* [GIVEN MATERIAL]:
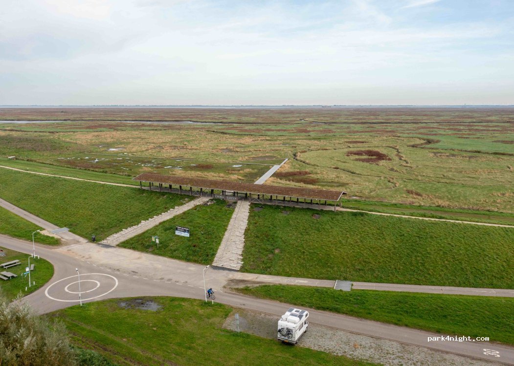 Zeer mooie gratis camperplaats. De officiële plekken zijn tussen de borden met pijl. Dan is er ruimte voor 4 camper. De rest zijn gewone parkeerplaatsen. Mooi wandelgebied net over de dijk. Dit soort plekken zouden er meer in Nederland moeten zijn.
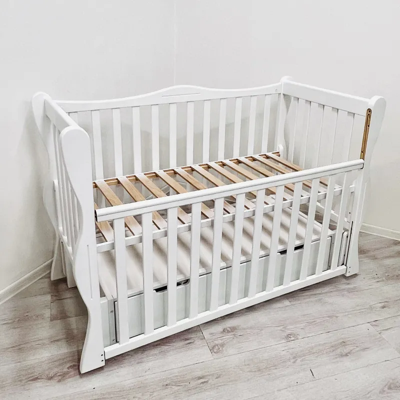 Mecanismul de legănare a patului este - pendul transversal. Prin urmare, cu ajutorul rulmenților metalici, părinții își pot adormi copilul în tăcere. Dacă este necesar, rulmenții pot fi fixați cu ușurință, iar patul va fi într-o poziție statică. Deasemenea patul este completat cu sertar închis pentru depozitarea lucrurilor.
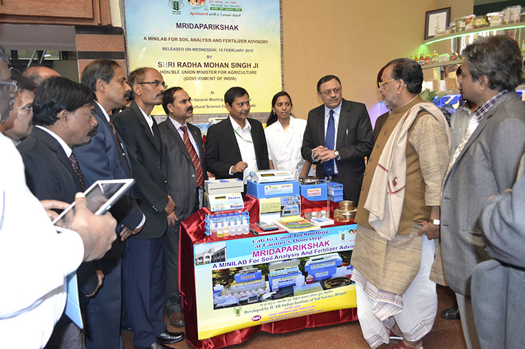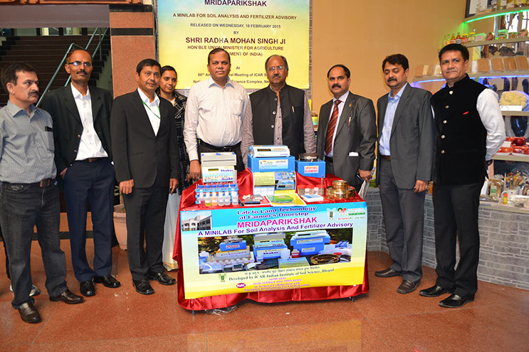 ICAR-Indian Institute of Soil Science, Bhopal has developed a mini lab named Mridaparikshak' which can assess the soil health and can be used in the preparation of soil health cards. It is a digital mobile quantitative mini lab to provide soil testing service at farmers' doorsteps. It comes with balance, shaker, hot plate, and Smart Soil Pro, an instrument for determining the soil parameters and displaying of fertilizer nutrient recommendations. It determines all the important soil parameters i.e. soil pH, EC, organic carbon, available nitrogen, phosphorus, potassium, sulphur and micronutrients like zinc, boron and iron.
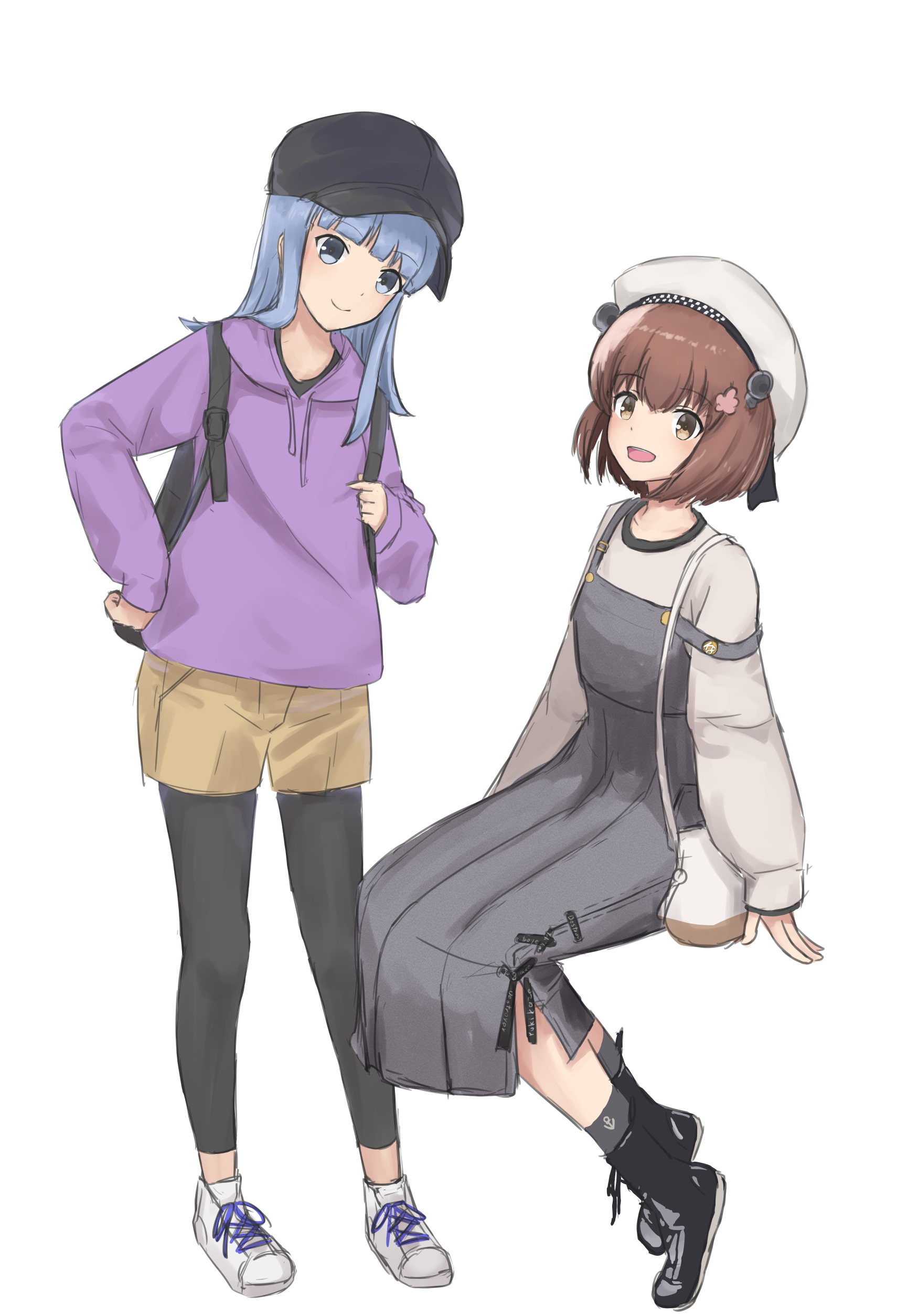 2girls absurdres alternate_costume bag beret black_hat blue_eyes blue_hair blush boots brown_eyes brown_hair brown_shorts dress hat hatsukaze_(kancolle) hatsukaze_(kure)_(kancolle) headgear highres jacket kantai_collection leggings long_dress long_hair long_sleeves looking_at_viewer multiple_girls official_alternate_hairstyle open_mouth purple_jacket shirt shoes short_hair shorts shoulder_bag sitting sleeveless sleeveless_turtleneck smile sneakers solo turtleneck white_shirt yuki_4040 yukikaze_(kancolle) yukikaze_(kure_2024)_(kancolle)

* [EXERCISE DESCRIPTION]:
In the copy, omit the pictures and give every line of the data exactly.

* [REPLY TO THE EXERCISE]:
 Zeer mooie gratis camperplaats. De officiële plekken zijn tussen de borden met pijl. Dan is er ruimte voor 4 camper. De rest zijn gewone parkeerplaatsen. Mooi wandelgebied net over de dijk. Dit soort plekken zouden er meer in Nederland moeten zijn.
 Mecanismul de legănare a patului este - pendul transversal. Prin urmare, cu ajutorul rulmenților metalici, părinții își pot adormi copilul în tăcere. Dacă este necesar, rulmenții pot fi fixați cu ușurință, iar patul va fi într-o poziție statică. Deasemenea patul este completat cu sertar închis pentru depozitarea lucrurilor.
 ICAR-Indian Institute of Soil Science, Bhopal has developed a mini lab named Mridaparikshak' which can assess the soil health and can be used in the preparation of soil health cards. It is a digital mobile quantitative mini lab to provide soil testing service at farmers' doorsteps. It comes with balance, shaker, hot plate, and Smart Soil Pro, an instrument for determining the soil parameters and displaying of fertilizer nutrient recommendations. It determines all the important soil parameters i.e. soil pH, EC, organic carbon, available nitrogen, phosphorus, potassium, sulphur and micronutrients like zinc, boron and iron.
 2girls absurdres alternate_costume bag beret black_hat blue_eyes blue_hair blush boots brown_eyes brown_hair brown_shorts dress hat hatsukaze_(kancolle) hatsukaze_(kure)_(kancolle) headgear highres jacket kantai_collection leggings long_dress long_hair long_sleeves looking_at_viewer multiple_girls official_alternate_hairstyle open_mouth purple_jacket shirt shoes short_hair shorts shoulder_bag sitting sleeveless sleeveless_turtleneck smile sneakers solo turtleneck white_shirt yuki_4040 yukikaze_(kancolle) yukikaze_(kure_2024)_(kancolle)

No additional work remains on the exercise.